Somewhere below, one line contains "Świat na krechę: kiedyś" and a later line contains "It is possible". Output those two lines and everything between them exactly, and nothing else.

§ **INPUT DATA**:
---

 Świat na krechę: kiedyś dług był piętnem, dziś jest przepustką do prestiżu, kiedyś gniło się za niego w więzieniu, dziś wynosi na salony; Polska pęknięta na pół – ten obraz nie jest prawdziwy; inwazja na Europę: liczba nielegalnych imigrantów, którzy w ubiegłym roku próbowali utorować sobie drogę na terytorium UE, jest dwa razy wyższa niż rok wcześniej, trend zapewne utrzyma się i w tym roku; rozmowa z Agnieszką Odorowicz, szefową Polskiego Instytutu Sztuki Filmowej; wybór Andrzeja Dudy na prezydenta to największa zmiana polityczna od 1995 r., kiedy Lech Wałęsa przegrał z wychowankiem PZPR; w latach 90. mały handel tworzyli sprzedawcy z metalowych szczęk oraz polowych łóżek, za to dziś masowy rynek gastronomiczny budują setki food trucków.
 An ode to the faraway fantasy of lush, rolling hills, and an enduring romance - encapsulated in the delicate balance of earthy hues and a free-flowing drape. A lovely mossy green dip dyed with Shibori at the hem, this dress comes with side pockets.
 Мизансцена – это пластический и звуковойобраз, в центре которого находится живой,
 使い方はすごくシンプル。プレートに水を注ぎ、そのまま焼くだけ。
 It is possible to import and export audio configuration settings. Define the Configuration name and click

---

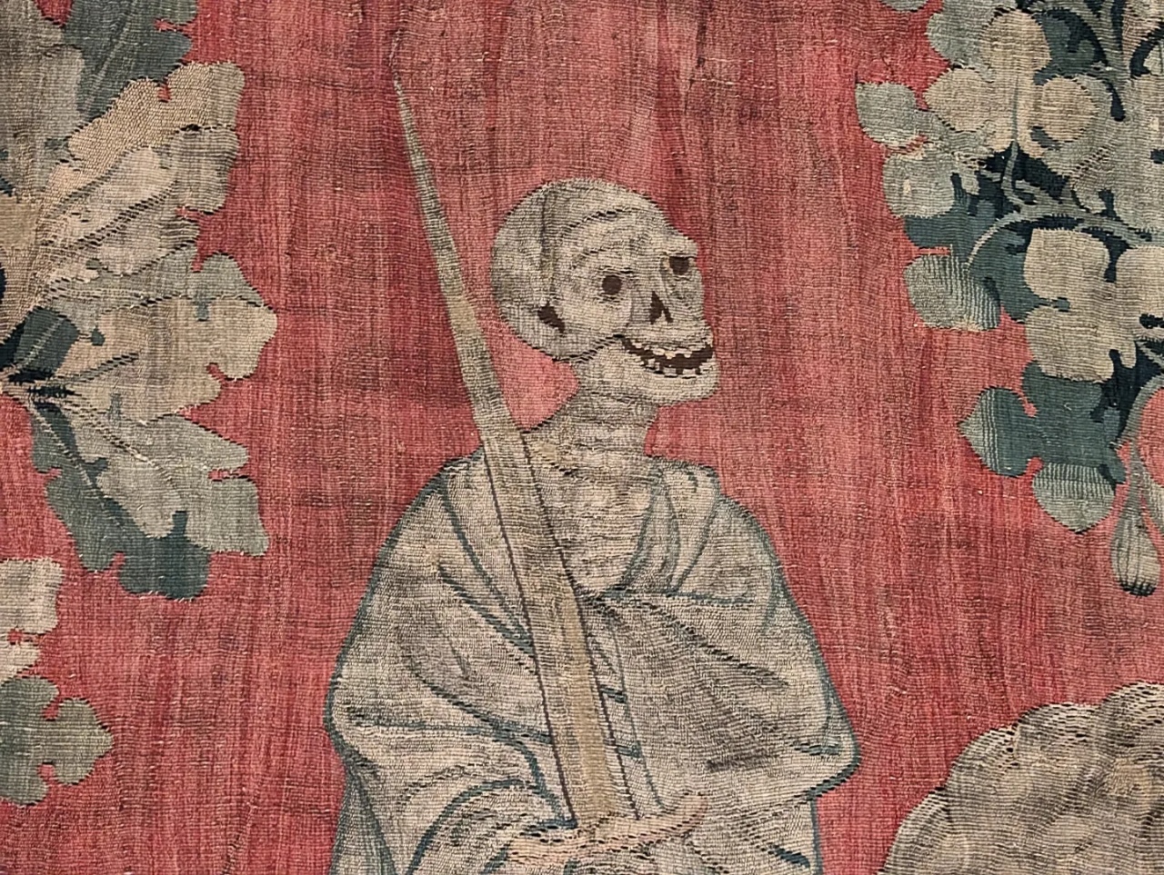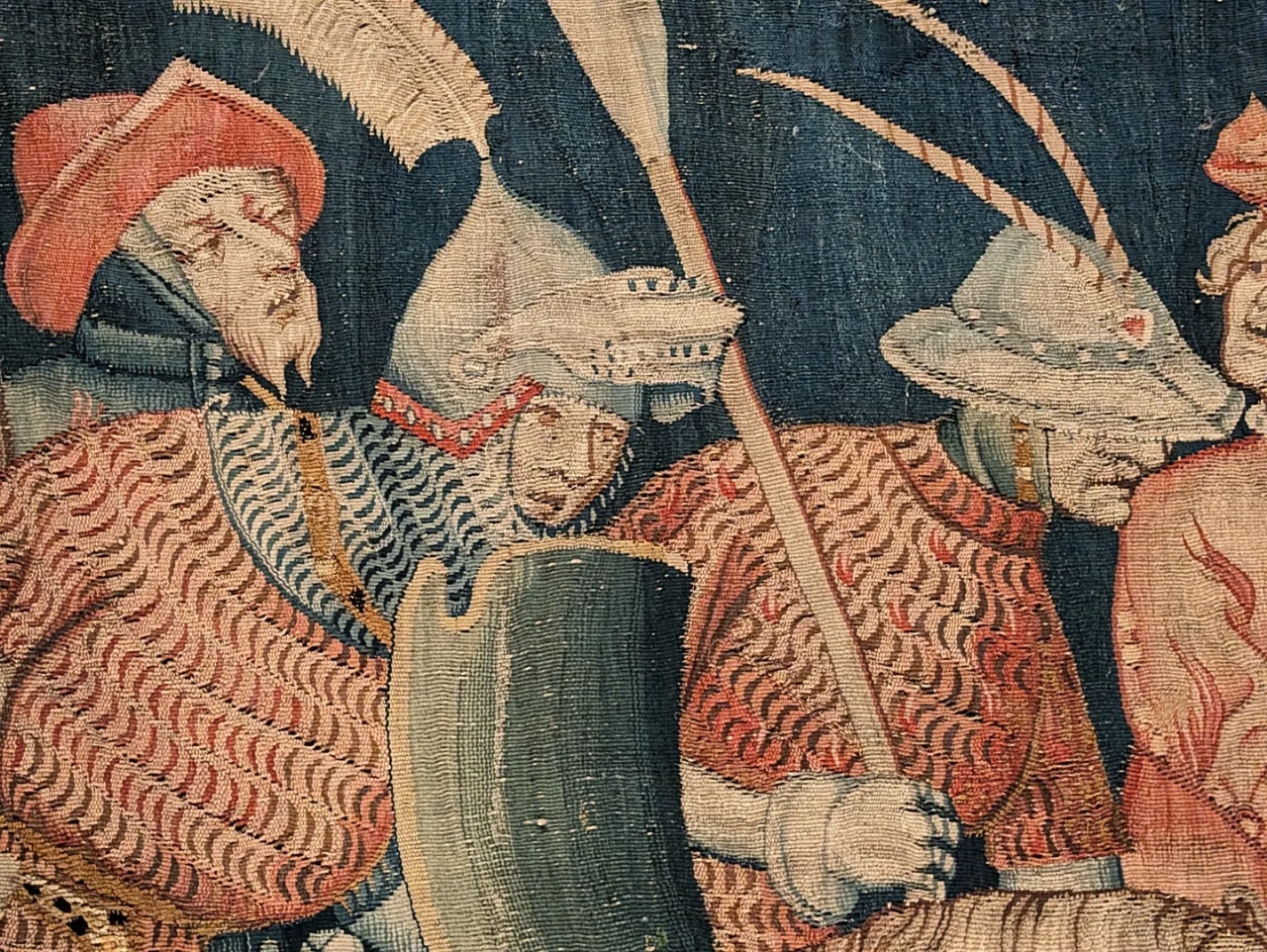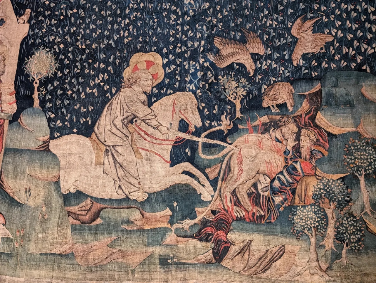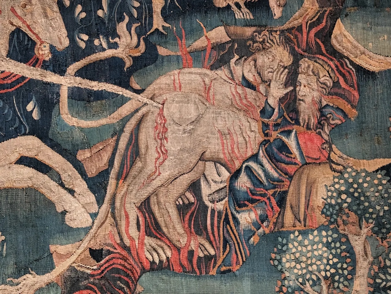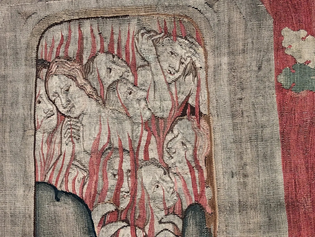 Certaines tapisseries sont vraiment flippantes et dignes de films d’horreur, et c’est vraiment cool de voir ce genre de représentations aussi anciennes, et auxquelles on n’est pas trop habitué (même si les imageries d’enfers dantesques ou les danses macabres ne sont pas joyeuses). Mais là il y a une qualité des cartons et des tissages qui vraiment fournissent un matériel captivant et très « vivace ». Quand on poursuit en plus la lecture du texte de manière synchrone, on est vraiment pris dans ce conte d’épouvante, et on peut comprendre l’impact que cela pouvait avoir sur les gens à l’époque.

---

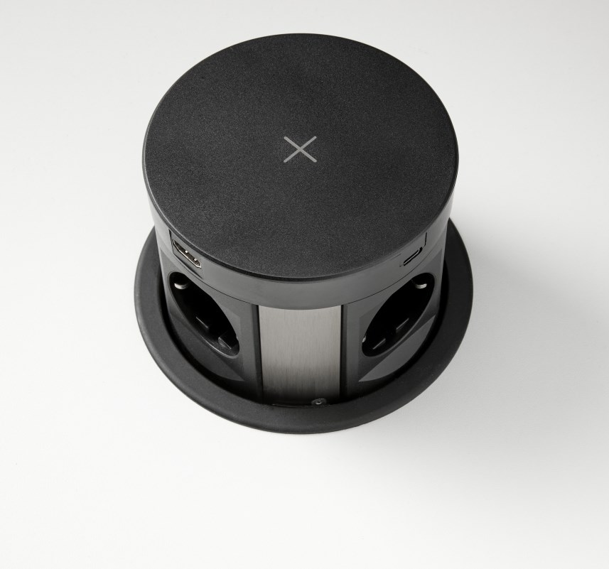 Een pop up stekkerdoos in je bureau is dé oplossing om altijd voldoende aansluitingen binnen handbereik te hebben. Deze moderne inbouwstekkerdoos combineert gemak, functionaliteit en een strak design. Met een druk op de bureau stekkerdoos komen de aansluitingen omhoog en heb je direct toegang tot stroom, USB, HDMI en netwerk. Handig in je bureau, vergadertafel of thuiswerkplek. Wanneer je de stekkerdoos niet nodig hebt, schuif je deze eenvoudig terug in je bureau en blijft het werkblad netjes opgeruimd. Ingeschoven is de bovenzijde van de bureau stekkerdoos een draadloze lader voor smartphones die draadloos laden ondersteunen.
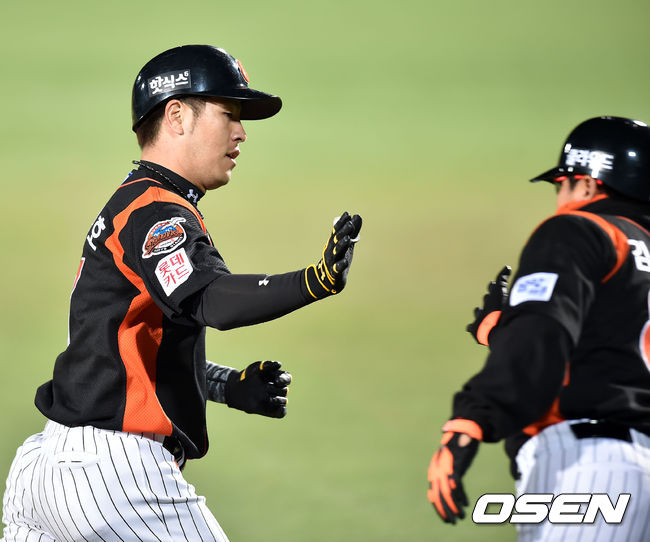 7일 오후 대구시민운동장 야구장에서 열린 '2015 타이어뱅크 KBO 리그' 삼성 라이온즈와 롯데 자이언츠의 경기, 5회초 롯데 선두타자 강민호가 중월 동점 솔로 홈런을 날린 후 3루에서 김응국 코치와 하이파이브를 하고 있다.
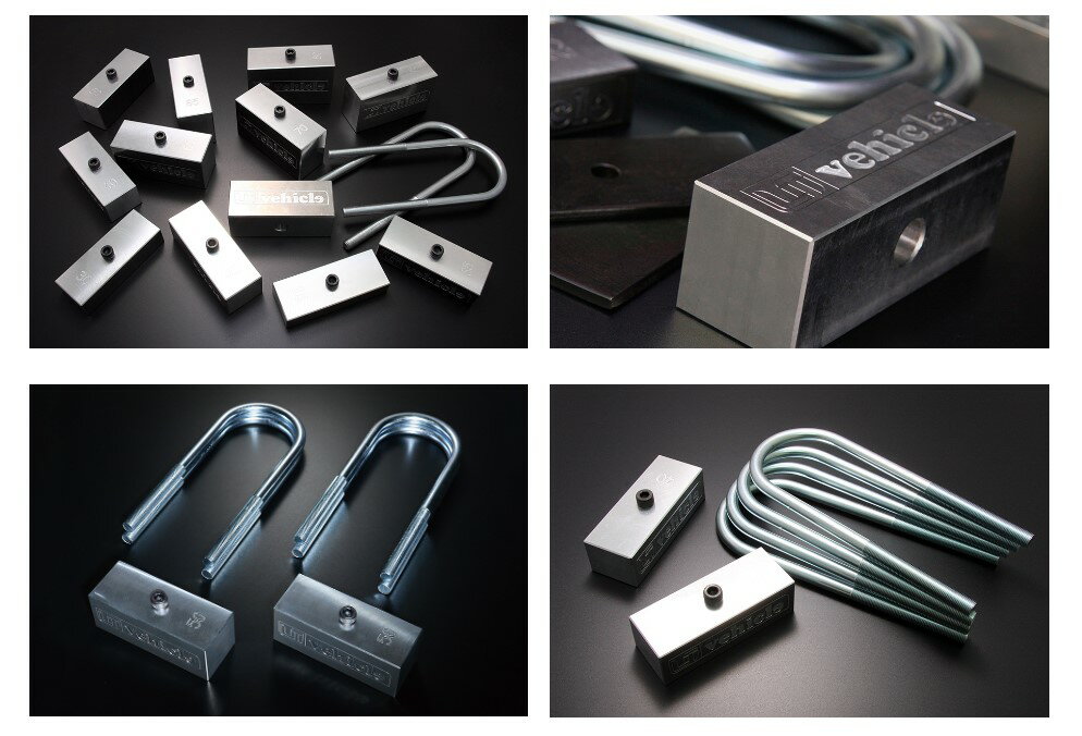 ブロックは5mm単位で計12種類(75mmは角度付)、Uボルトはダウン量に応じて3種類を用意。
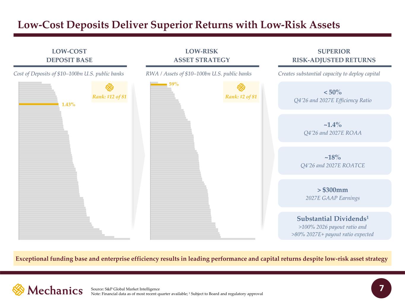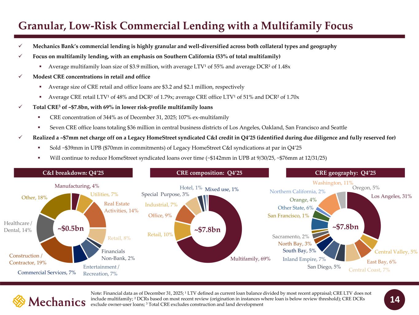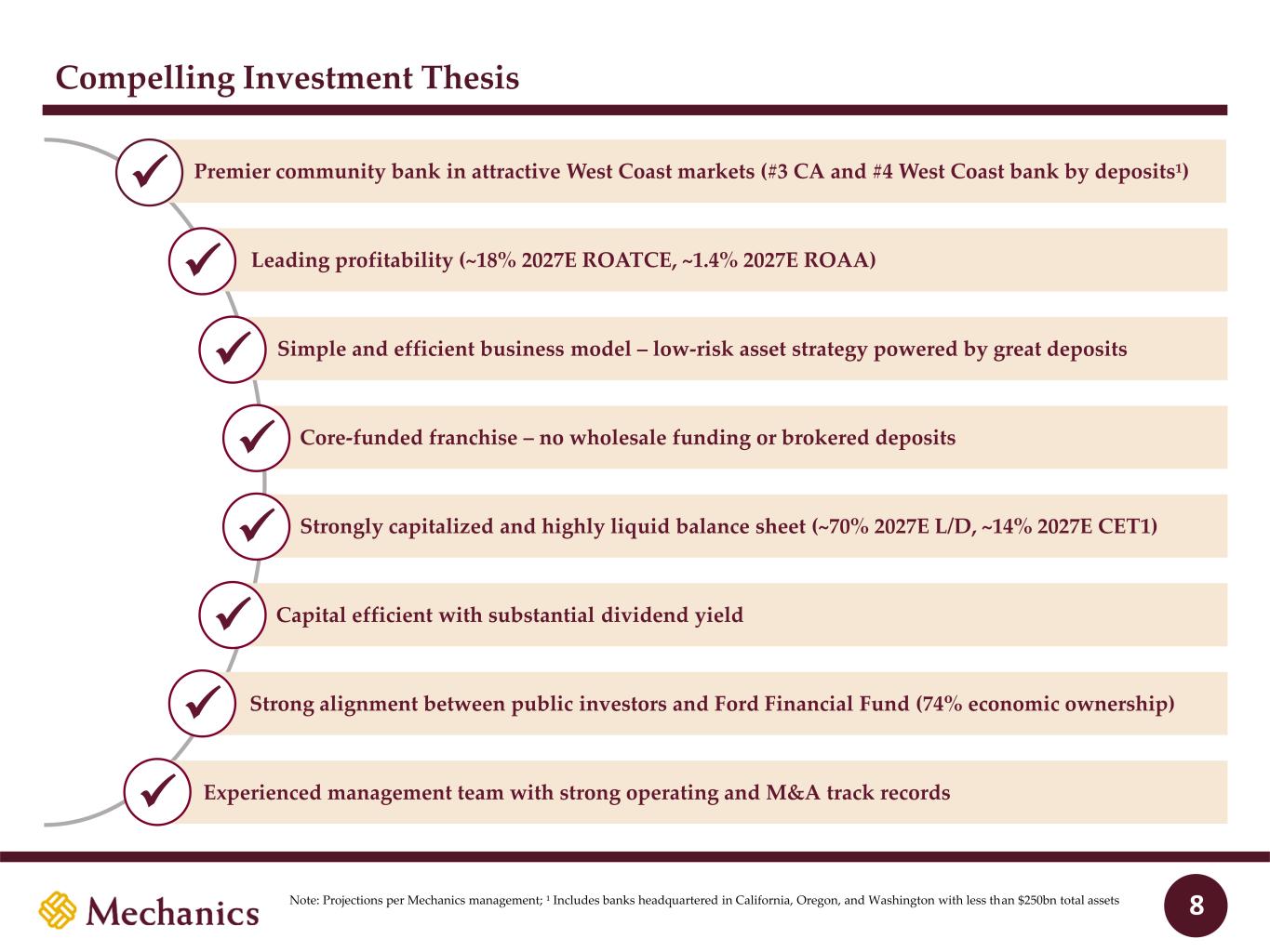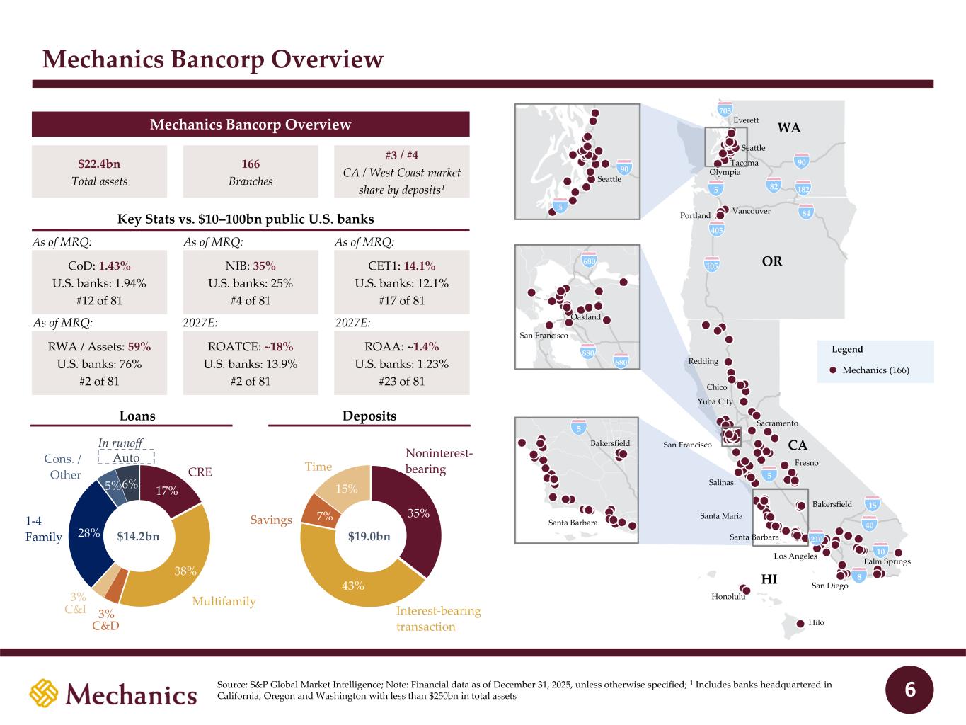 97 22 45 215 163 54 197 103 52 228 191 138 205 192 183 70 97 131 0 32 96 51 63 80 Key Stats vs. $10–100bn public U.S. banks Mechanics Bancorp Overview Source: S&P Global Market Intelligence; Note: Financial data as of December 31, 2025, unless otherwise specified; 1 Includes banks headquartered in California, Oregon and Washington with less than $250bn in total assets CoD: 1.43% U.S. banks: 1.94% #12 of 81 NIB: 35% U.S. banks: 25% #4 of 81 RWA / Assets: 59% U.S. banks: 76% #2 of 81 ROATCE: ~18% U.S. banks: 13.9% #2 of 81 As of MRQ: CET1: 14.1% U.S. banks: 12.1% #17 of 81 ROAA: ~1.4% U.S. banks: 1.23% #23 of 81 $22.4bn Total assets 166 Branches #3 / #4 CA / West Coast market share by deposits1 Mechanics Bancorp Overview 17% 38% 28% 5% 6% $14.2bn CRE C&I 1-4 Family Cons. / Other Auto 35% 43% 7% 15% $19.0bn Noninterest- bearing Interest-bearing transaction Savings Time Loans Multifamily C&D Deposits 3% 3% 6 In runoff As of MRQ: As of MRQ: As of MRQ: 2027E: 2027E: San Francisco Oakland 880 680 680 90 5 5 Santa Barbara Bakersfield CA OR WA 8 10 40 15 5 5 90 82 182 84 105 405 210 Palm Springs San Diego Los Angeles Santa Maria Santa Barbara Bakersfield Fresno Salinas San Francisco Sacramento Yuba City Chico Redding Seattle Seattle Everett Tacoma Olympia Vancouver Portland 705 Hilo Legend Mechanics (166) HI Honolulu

---

§ **SOLUTION**:
 Świat na krechę: kiedyś dług był piętnem, dziś jest przepustką do prestiżu, kiedyś gniło się za niego w więzieniu, dziś wynosi na salony; Polska pęknięta na pół – ten obraz nie jest prawdziwy; inwazja na Europę: liczba nielegalnych imigrantów, którzy w ubiegłym roku próbowali utorować sobie drogę na terytorium UE, jest dwa razy wyższa niż rok wcześniej, trend zapewne utrzyma się i w tym roku; rozmowa z Agnieszką Odorowicz, szefową Polskiego Instytutu Sztuki Filmowej; wybór Andrzeja Dudy na prezydenta to największa zmiana polityczna od 1995 r., kiedy Lech Wałęsa przegrał z wychowankiem PZPR; w latach 90. mały handel tworzyli sprzedawcy z metalowych szczęk oraz polowych łóżek, za to dziś masowy rynek gastronomiczny budują setki food trucków.
 An ode to the faraway fantasy of lush, rolling hills, and an enduring romance - encapsulated in the delicate balance of earthy hues and a free-flowing drape. A lovely mossy green dip dyed with Shibori at the hem, this dress comes with side pockets.
 Мизансцена – это пластический и звуковойобраз, в центре которого находится живой,
 使い方はすごくシンプル。プレートに水を注ぎ、そのまま焼くだけ。
 It is possible to import and export audio configuration settings. Define the Configuration name and click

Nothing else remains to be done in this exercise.